Finisher's jacket and medal!

Total time: 8:52:22 (17:11 pace).  I definitely need to get more focused on training. I really would like to break 7 hrs for a 50k and I think I can. A few days after the race my legs are feeling good and I will be back to running this week. Next event: 3 Days at the Fair.


  1. can't wait to share a lap or two with you at 3 days..

  2. Looking forward to it Steve!

  3. This is so inspiring!

    I wanted to say thanks for your encouragement the other day. My Dad has really gotten into training. He did 6 miles on Saturday in just over an hour, and is planning to go out again tomorrow (Monday) for another long hike.

    I am working up a little slower (although, my first goal is a half-marathon in October), but have been slowly increasing the distance I run. I did three miles strait on Friday and again today, then another two mile run this evening. I'm crossing the threshold into really enjoying running, and very much like reading your blog about it. Who knows, maybe I'll be ready for the Ultramarathon in a year when my Dad does it. :)

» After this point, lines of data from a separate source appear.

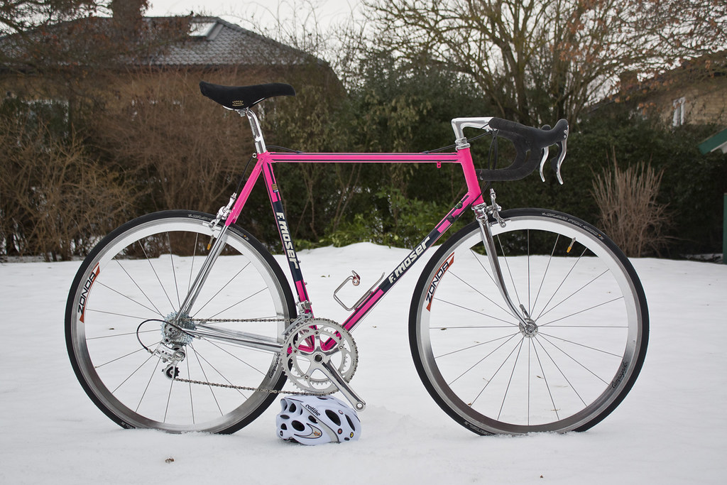 Stimmt sieht neu lackiert aus aber,Hoffen wir mal, dass es auch ein Moser ist. Die ganzen französichen Sachen am Rad, Weinmann Bremsen, sieht auch neu lackiert aus (einige Einschlüsse usw.). Die Aufkleber gibts überall. Nach 40 Jahren sehen Aufkleber + Lack eigentlich anders aus, an Kurbel und Vorbau ist der Lack ja auchb abgeblättert. Top erhalten und wurde fast nie gefahren; mhh??. Einzig der Rino Steuersatz und die Giepiemme Kurbel machen Hoffnung (allerdings verbaut man sowas normal nicht zusammen)
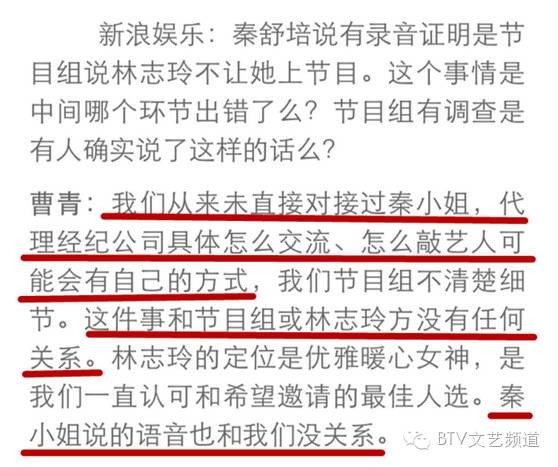 不过节目组制片人接受媒体采访时,否认此事与林志玲有关。称林志玲从未提过不想与任何人同台的要求,还称节目组从未直接和秦舒培方接触,是通过代理经纪公司联系艺人,而秦舒培说的语音跟节目组没关系,但他们也会扛起责任,搞清楚整件事情。
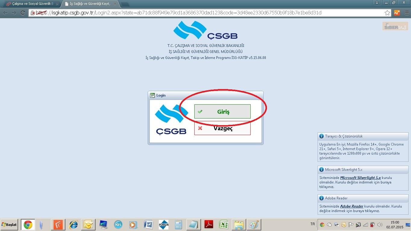 Düğmeye basınca login sekmesi açılacak Çalışma ve Sosyal Güvenlik Bakanlığı Logosunu göreceksiniz. Buradan Giriş düğmesine basınız.
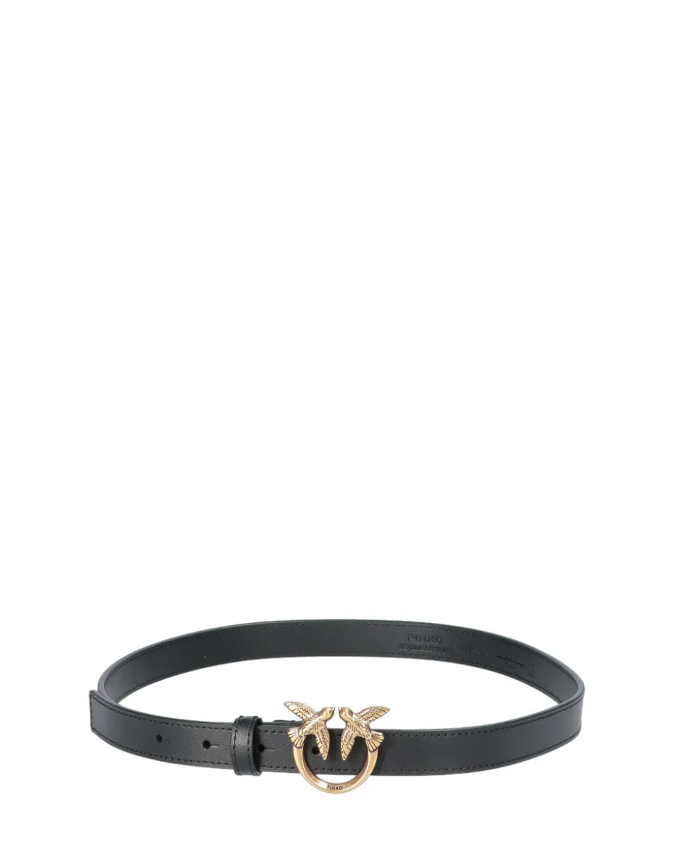 Cintura sottile in morbida pelle mano seta con fibbia Love Birds Diamond Cut in metallo.

  4. So awesome that you are getting into running and enjoying it! Try a run when you are a little tired and all you feel like you need is coffee. The oxygen running through your veins will be a great pick-me-up. ;) Keep it up. A half-marathon is definitely doable. Try to get some shorter races in so you get used to the experience. Right now you can easily hop into a 5K. Just make sure not to get caught up with the crowd in the beginning and start out too fast.

    Keep your eyes on this site. I'll have another post about a major effort - 48 hrs on a 1 mile loop in the middle of May.